Since it is dark when I get up and can only vaguely see my coffee cup, I didn’t notice anything was off. But the first sip told me I had just taken a mouthful of a problem and couldn’t hurry fast enough to spit.

Then I turned on the light to discover the problem. Instead of coffee grounds, my wife had replaced them with dirt.

“Ingenious,” I think as I dumped and cleaned everything to begin the process over.

Once on the road and delivering the papers, I stopped at a place and accepted a small box of donuts. It wasn’t until I had finished the first half of my route that I opened the pastries.

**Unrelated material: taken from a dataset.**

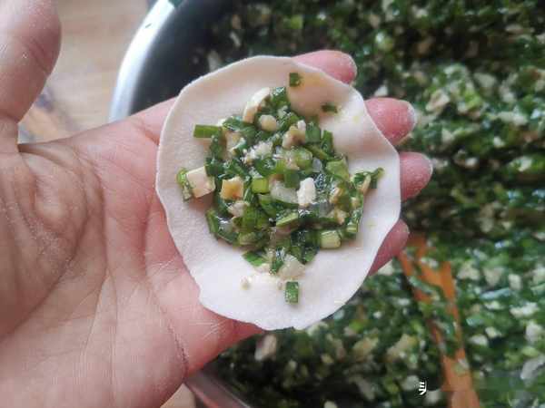 韭菜雞蛋餃子,新鮮雞蛋包出來味道更鮮美。但是值得注意的就是雞蛋不要一起打入盆裏,分次打入,例如:把餡料分成3份,從第一份打一個雞蛋拌勻,包完。然後在進行第二份包制,如此類推,最後包完也不會出水。

A vegetable tray! I munched on the contents the remainder of the morning.

Come nighttime, and I am tired, so I climbed into bed to learn she got me again. This time my wife short-sheeted the bed.

Here’s the rub — I never got to pull even one April Fools Day prank.

I Spent a Year There, One Day

“I spent a year there, one day,” means you’ve been in a place you didn’t enjoy for far too long. That is how it seems to me, feeling like it has been forever since I last posted and realizing it has only been 11 days.

My computer crashed on Mon., Mar. 21, showing me the “blue screen of death.” It has taken that long for a new computer tower to arrive via Amazon.

During that time, I have written all of my newspaper articles using my cellphone. After a few hours and a couple of hours, my eyes hurt, my head pounded, and I had to check the mirror to make sure I wasn’t bleeding from my ears.

As the computer ordeal played out, my truck decided to have a system-wide failure, electrical to mechanical. I spent a week struggling to get anywhere while it was in the shop for repair.

But that is all behind me, and I’m happy about it. Now to figure out how to pay for it all.